Children pay the price for mountaintop removal

Justin Cambell via Upsplash

Children pay the price for mountaintop removal

From a distance, it sounds like thunder. Explosive charges blast five hundred feet or more of bedrock from mountain peaks across Appalachia. New research highlights how mountaintop removal can harm Appalachia’s children, not just its landscape.  

Buttling, Lauren G. et al. “Maternal proximity to Central Appalachia surface mining and birth outcomes.” Environmental Epidemiology 5.1 (2021). DOI: 10.1097/EE9.0000000000000128

Mountaintop removal uses explosives to break apart up to eight hundred feet of bedrock to mine valuable coal seams beneath. Mountaintop removal is a relatively new form of coal mining – and typically employs far fewer people than traditional mines. Yet, over half of all coal extraction in Appalachia is done via mountaintop removal. The loose rocks that fly from the blasts have buried an estimated two thousand miles of mountain streams in the past few decades. In addition to the ecological costs of mountaintop removal, this practice has long been controversial for its impacts on local communities. A troubling, yet growing, body of research shows that people who live near mountaintop removal mines may suffer profound health impacts throughout their lives. A new study published in Environmental Epidemiology reveals that these impacts begin even before birth.  

 

This research caps a decade of controversy over whether mountaintop removal causes birth defects. In 2011, coal industry lawyers criticized a major study for using county-level data rather than more precise, localized measurements. Curiously, the lawyers also had another criticism: that the study failed to consider inbreeding. To many, this remark echoed old stereotypes of Appalachia - and community backlash was swift.  

  

Scientists have fought this prejudice with data. More precise measurements and more data points strengthen the link between birth outcomes and mountaintop removal. Researchers have even taken to the skies, using advanced satellite and drone data to map the impacts of explosive mining. Lauren Buttling and her co-authors from Virginia Tech have demonstrated a correlation between low birth weight, pre-term birth, and proximity to mining sites. Buttling’s team mapped mountaintop removal sites with Landsat data and combed through hundreds of thousands of birth records across Tennessee, Virginia, West Virginia, and Kentucky. Then, the researchers calculated the distance between each parent’s address and nearby mining sites. Their data showed a distinct link between birth outcomes and active mining.

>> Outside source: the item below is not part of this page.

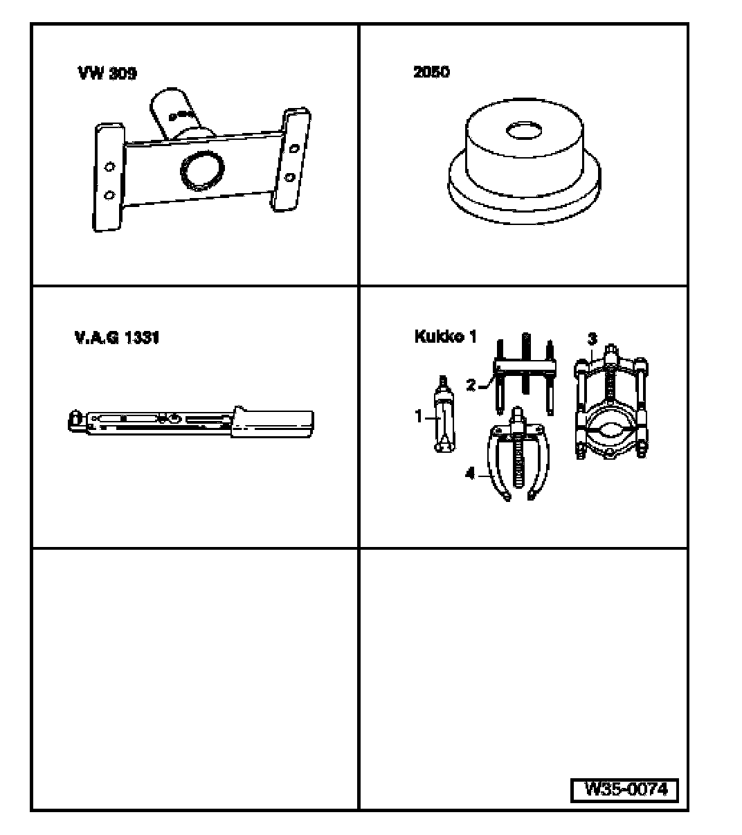 ^ Press tapered roller bearing outer race with a 1.70 mm thick shim into transmission housing, supporting transmission housing directly under bearing support with thrust piece 2050.

For every 1 percent increase in active mining within 5 kilometers of a family home, there is an estimated 6 percent increase in the odds of a pre-term birth. The risk of pre-term birth is an estimated two-and-a-half times higher for families with the most active mining within 5 kilometers of their home. Mothers who live near mountaintop removal mines, in short, may be over twice as likely to give birth prematurely.  

 

The coal trucks that lumber up and down mountain roads are one possible driver of these disparities. Particulate matter, the fine black soot in diesel fumes, is small enough to slip through the lining of the lungs, and travel from mother to baby through her blood. Similar studies support this finding. In Los Angeles, for instance, researchers found a correlation between diesel exhaust exposure and pre-term birth. Air pollution exposure during different stages of pregnancy can also have different degrees of impact, meaning that mountaintop removal may also be a source of chronic exposure over time. Another possible cause is the release of heavy metals. As the bedrock is blasted away, heavy metals and other compounds locked deep underground are exposed to the wind and rain, and gradually leach into drinking water. Families near mountaintop removal mines may be exposed to potentially contaminated water, or breathe in silica and hydrocarbon compounds. Mothers may pass along pollution to their unborn child with every breath they take.  

 

Central Appalachia already suffers from stark health disparities. Although many of us rarely see just how staggering these disparities can be, further research can help to shine a light. Studies like Dr. Buttling’s help to highlight the importance of environmental factors on health. Complications in childbirth can arise from a constellation of causes - not solely the choices parents make, but also the water they drink, and even the air they breathe.  

 

Communities near mining sites deserve more research on the true human cost of mountaintop removal. One bill, the Appalachian Community Health Emergency Act (ACHE Act), would provide a lifeline to directly support such studies - and stop permits for mountaintop mines unless they could be shown to be safe.